4. Clinical adoption lags technology. Submaximal tests, non-exercise algorithms, and consumer wearable estimates can now approximate VO2max in everyday settings — but clinical validation and adoption have not kept pace.
This last point opens a door. A growing body of research is investigating whether VO2max estimates derived from consumer wearables — the same devices that sit on tens of millions of wrists — are accurate enough to be clinically useful. The picture is mixed, but the direction of travel is clear: the barrier to regular VO2max monitoring is coming down, and with it, the potential to bring one of medicine’s most powerful prognostic tools to a mass audience for the first time.
What This Means for You
The literature on VO2max and mortality carries an unusually practical message, which is that fitness is not an aesthetic project. It is a survival project. The difference in all-cause mortality between the least fit and the most fit groups in large studies is larger than the mortality impact of smoking. It exceeds the risk from diagnosed cardiovascular disease. And crucially, the benefit is not front-loaded at the elite end — it accumulates most steeply among people making the transition from inactive to moderately active.
Every unit of improvement in VO2max — achievable through consistent aerobic exercise, even at modest intensities — translates directly into reduced mortality risk. Not modestly reduced. Not marginally reduced. Reduced by 13 to 17% per additional MET of fitness capacity, in study after study, across millions of participants, over follow-up periods stretching to 46 years.
The Copenhagen Male Study, which tracked participants over 46 years using Danish national death registers, found that each unit increase in VO2max was associated with 45 additional days of life. That is not a metaphor. It is a number derived from one of the longest and most carefully controlled fitness studies ever conducted.

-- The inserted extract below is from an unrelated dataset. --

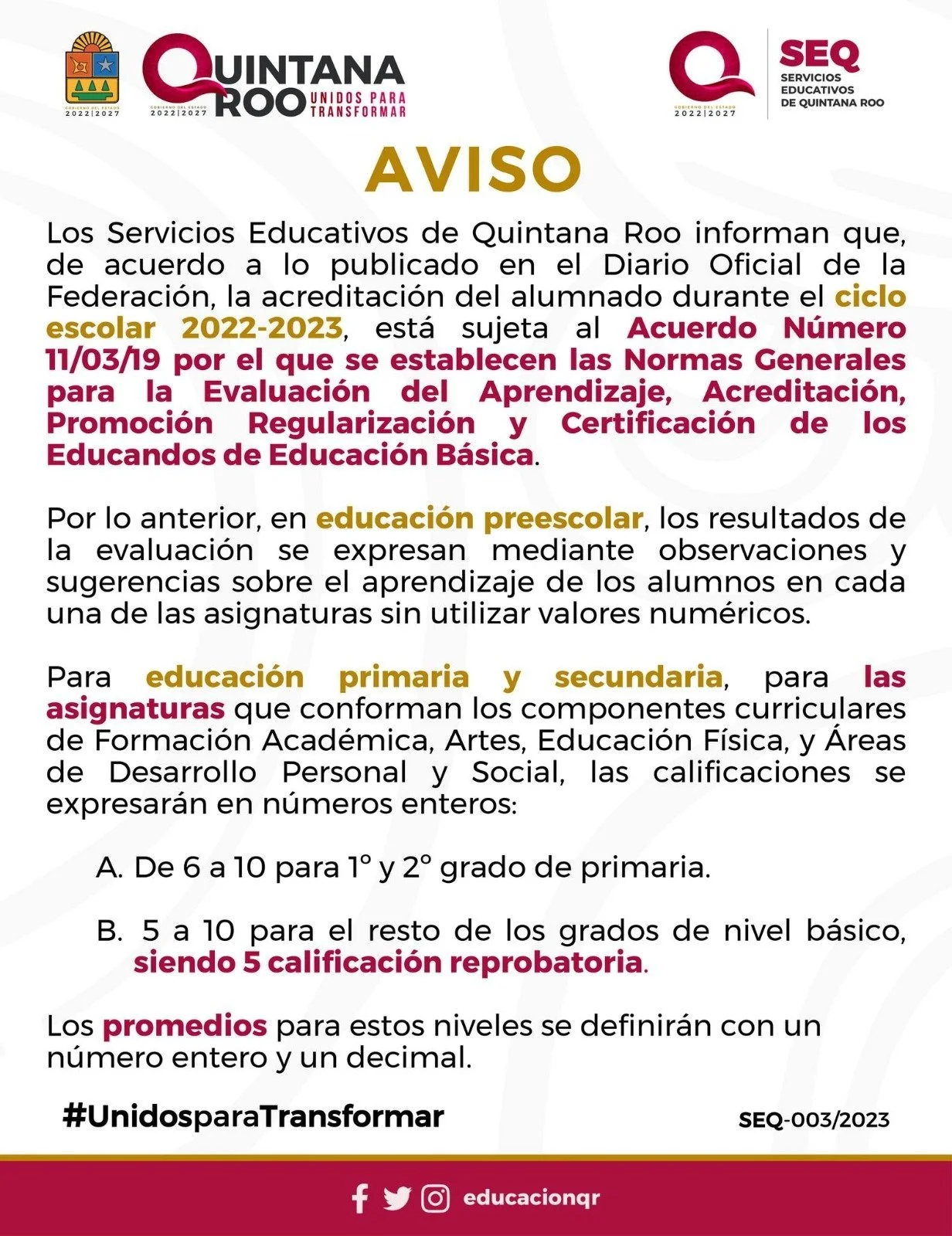 Otra modificación anunciada para este ciclo, es el regreso del sistema de calificación en el nivel básico, el cual marca que los alumnos de secundaria, así como del tercero al sexto grado de primaria, podrán obtener resultados reprobatorios, mientras que los estudiantes de primero y segundo de primaria, tendrán evaluaciones del 6 al 10.

For medicine, the implication is that a routine, affordable estimate of cardiorespiratory fitness belongs in clinical practice — not as an optional add-on, but as a standard part of the risk conversation that happens between doctor and patient. For the rest of us, the implication is simpler: the number on your wrist or in your lab results that most closely approximates your VO2max may well be the most important health metric you are currently ignoring.
Sources: Ross et al., American Heart Association / Circulation (2016 & 2024); Mandsager et al., JAMA Network Open (2018); Lang et al., British Journal of Sports Medicine (2024); Ryall & Denham, The Journals of Gerontology (2025); Loe et al., Journal of the American College of Cardiology (2018).